Senior Data Engineer
A consultancy company that worked for Claro Telecome, which is one of the largest telecommunications companies in Brazil, providing mobile, broadband, and digital services to millions of customers. The project focused on building and maintaining data solutions to support business intelligence and operational reporting across the company.
Raphael worked on developing and maintaining ETL pipelines using Informatica PowerCenter and Oracle (PL/SQL), processing large volumes of telecom data such as customer activity, billing, and service usage.
These pipelines enabled internal teams to generate reports and insights used for decision-making, performance monitoring, and operational analysis.

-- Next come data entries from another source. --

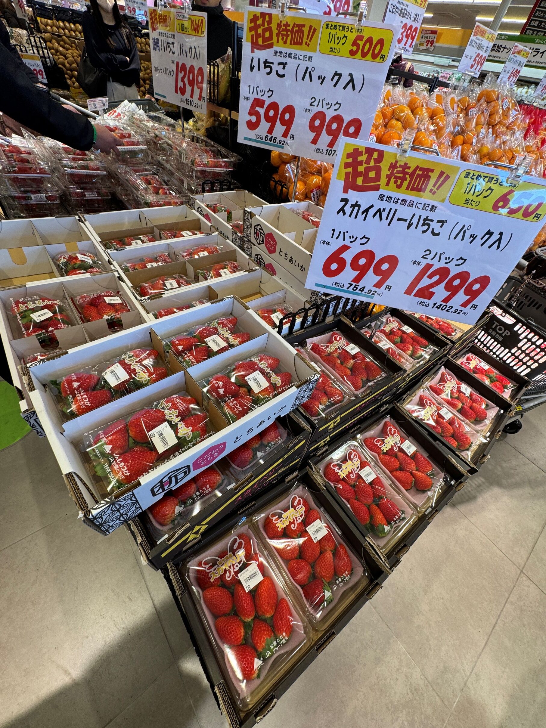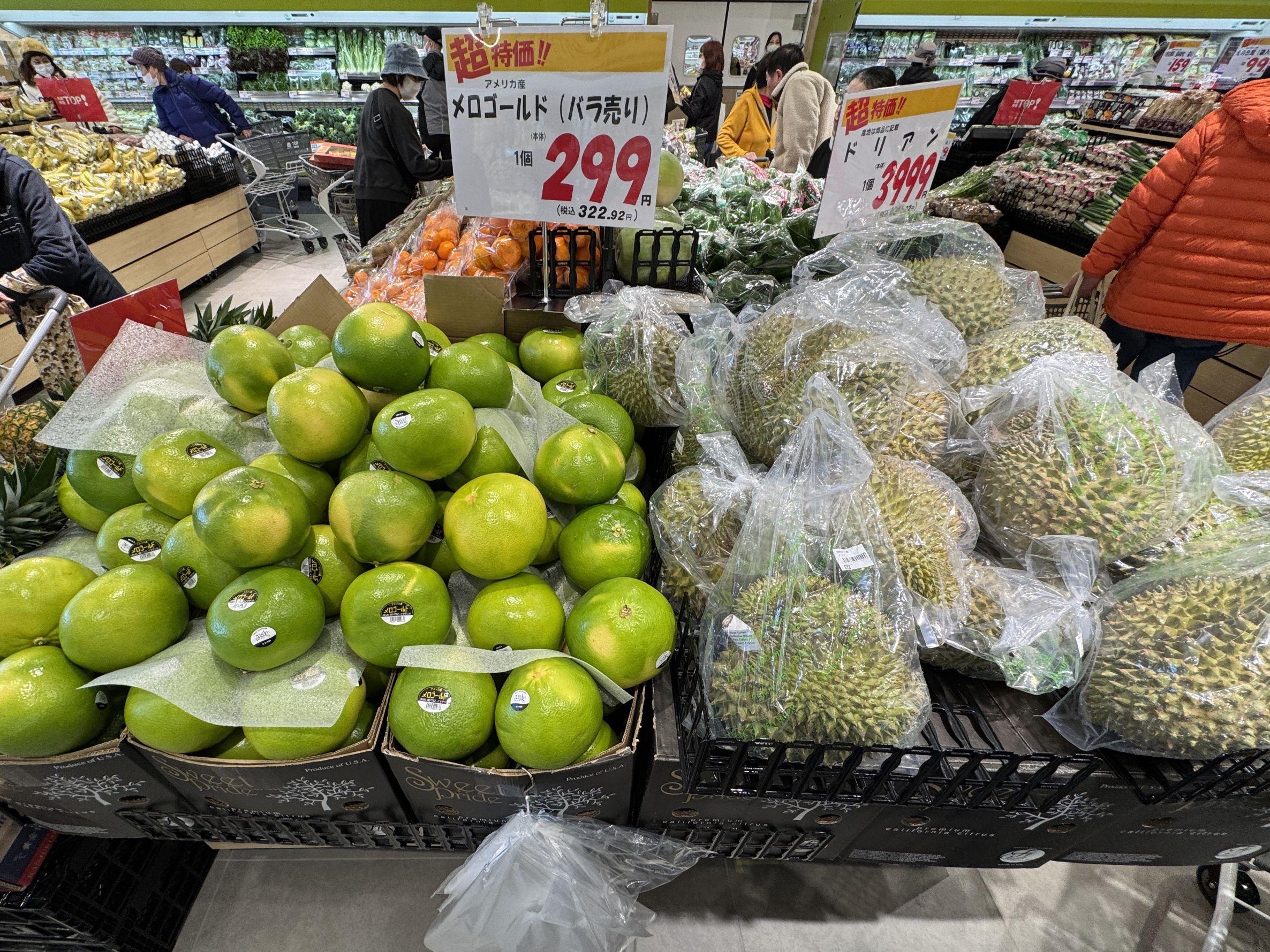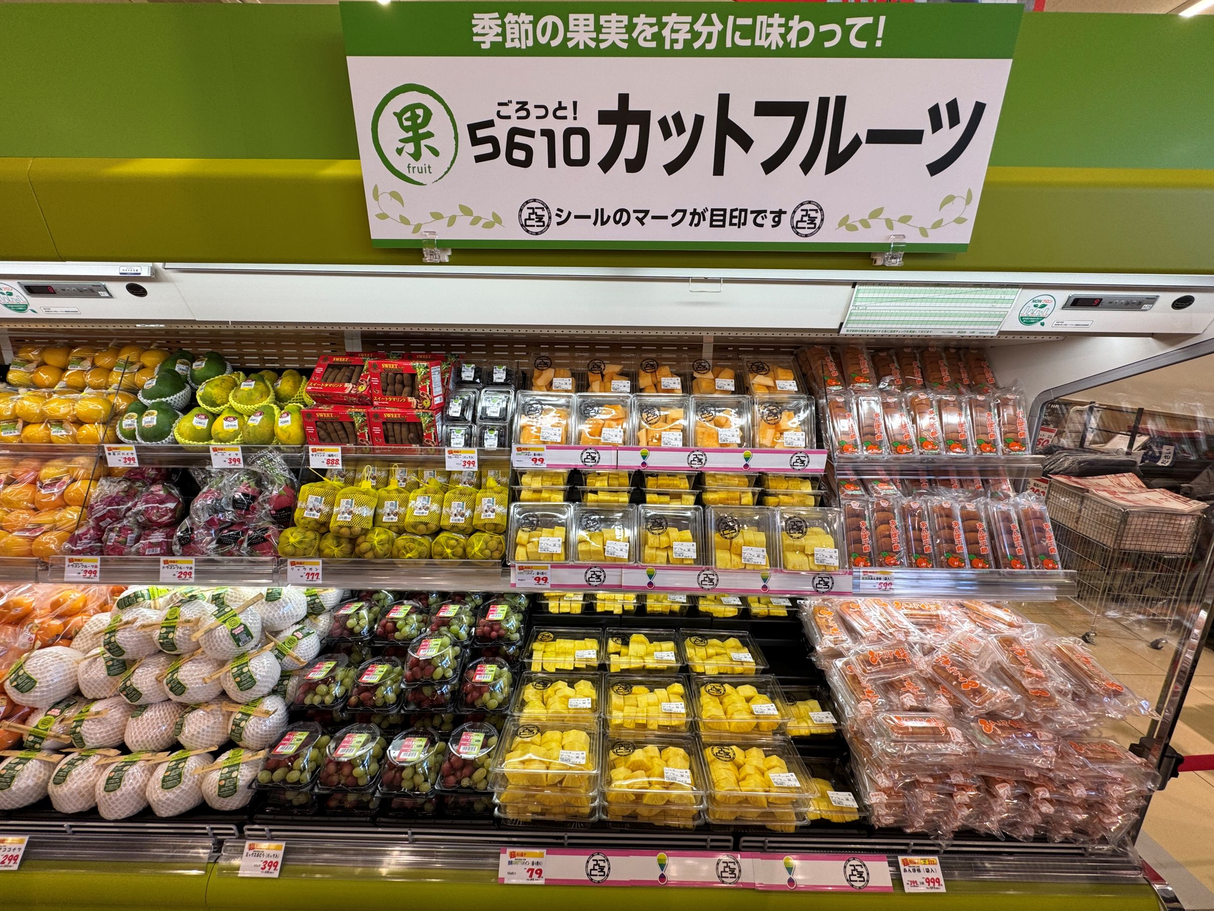 売場レイアウトは既存店同様、入口を基本的に1カ所にしたワンウエーコントロールを採用。売場先頭の青果では料理好きやプロの料理人も満足できる大容量のケース売りやまとめ売りを多用する他、品揃えにも注力。旬の野菜や果物、需要が高まるキノコ類に加え、海外の果物の品揃えも強化している。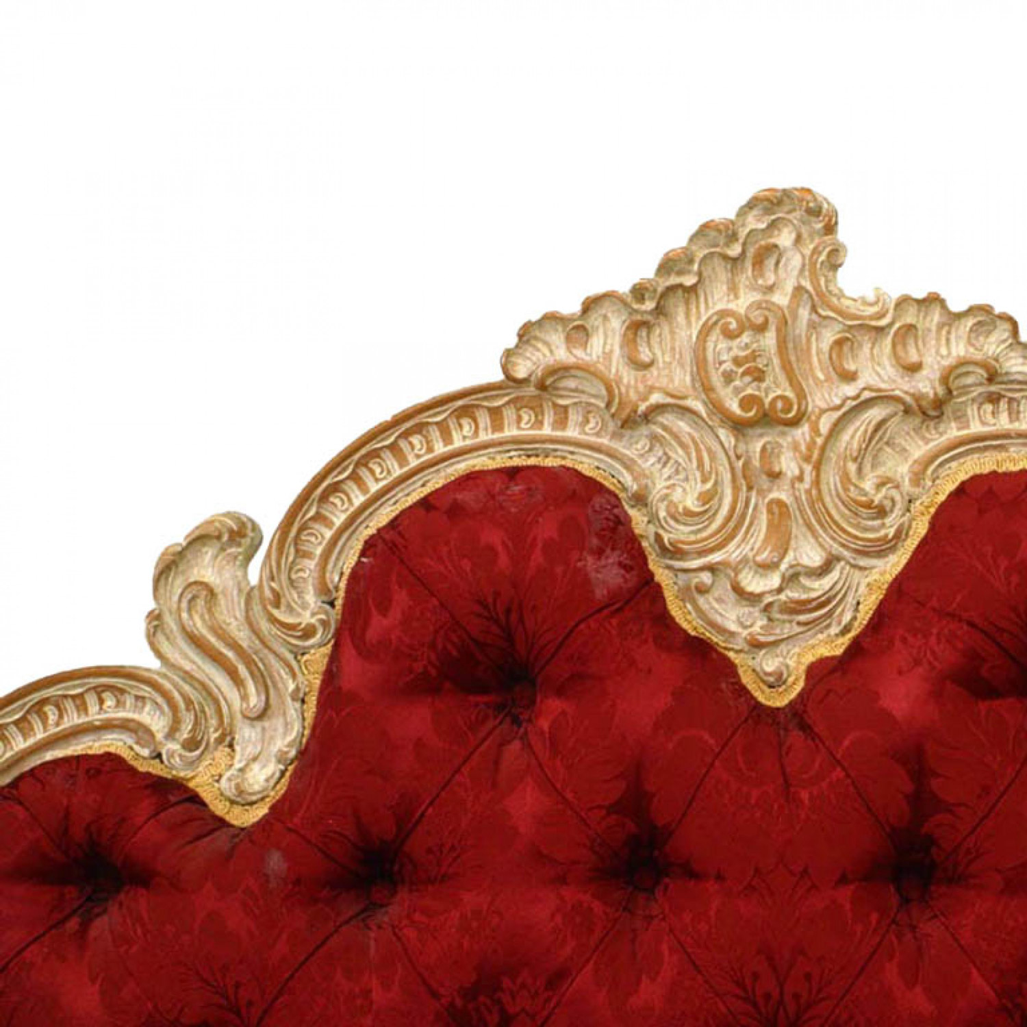 French Louis XV-style bleached and carved twin size headboard with tufted red damask upholstery (includes: headboard only)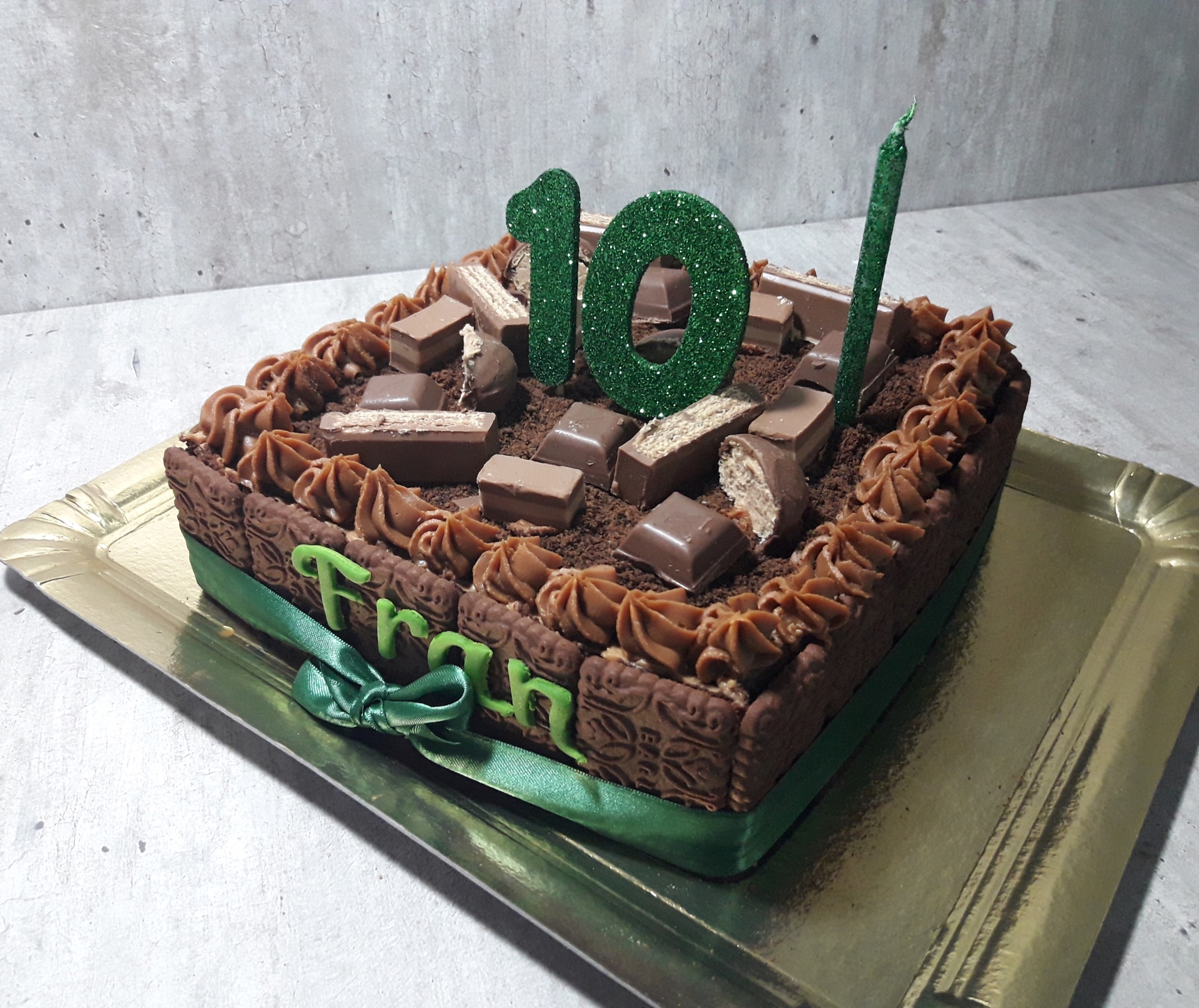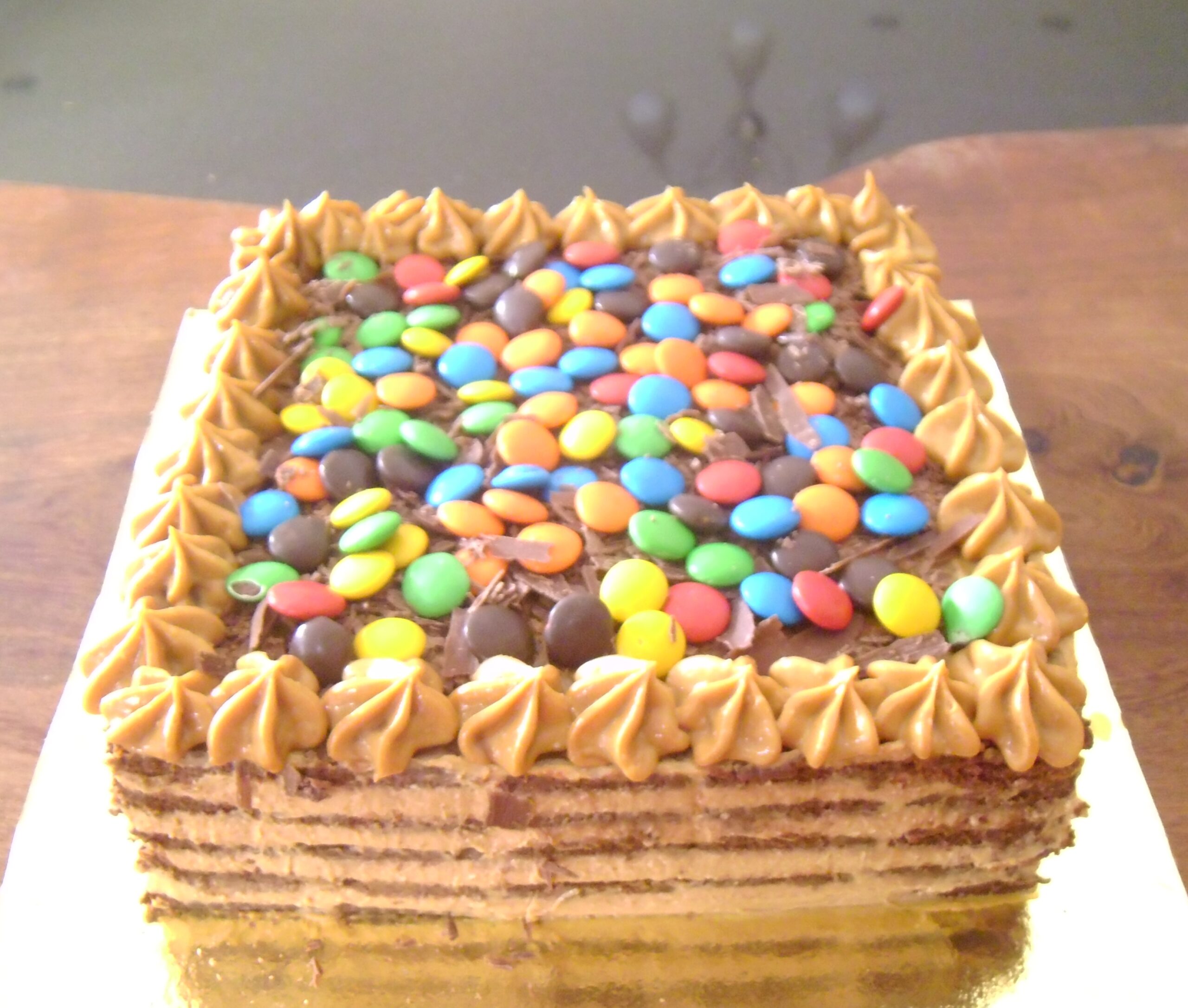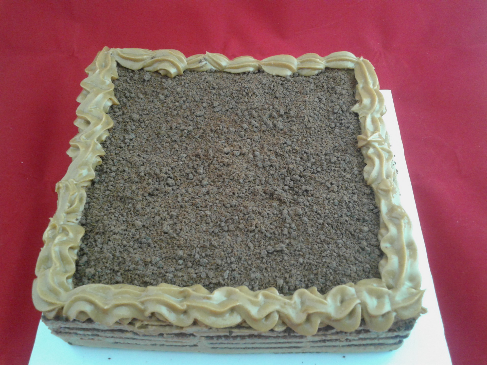 Torta de Chocolinas con cream cheese de dulce de leche. Su tamaño es de 20cm x 20cm. Rinde de 10 a 15 porciones.

Key features included data integration across multiple systems, ETL performance optimization, and ensuring data consistency and reliability across environments, with a strong focus on production stability.
- Performed analysis and modeling for business intelligence.
- Developed PL/SQL (Oracle).
- Developed ETL in PowerCenter.
- Maintained shell scripts.
- Monitored approval stages and production/post-production implementations.
- Improved ETL process performance.
- Manipulated files and folders on Unix.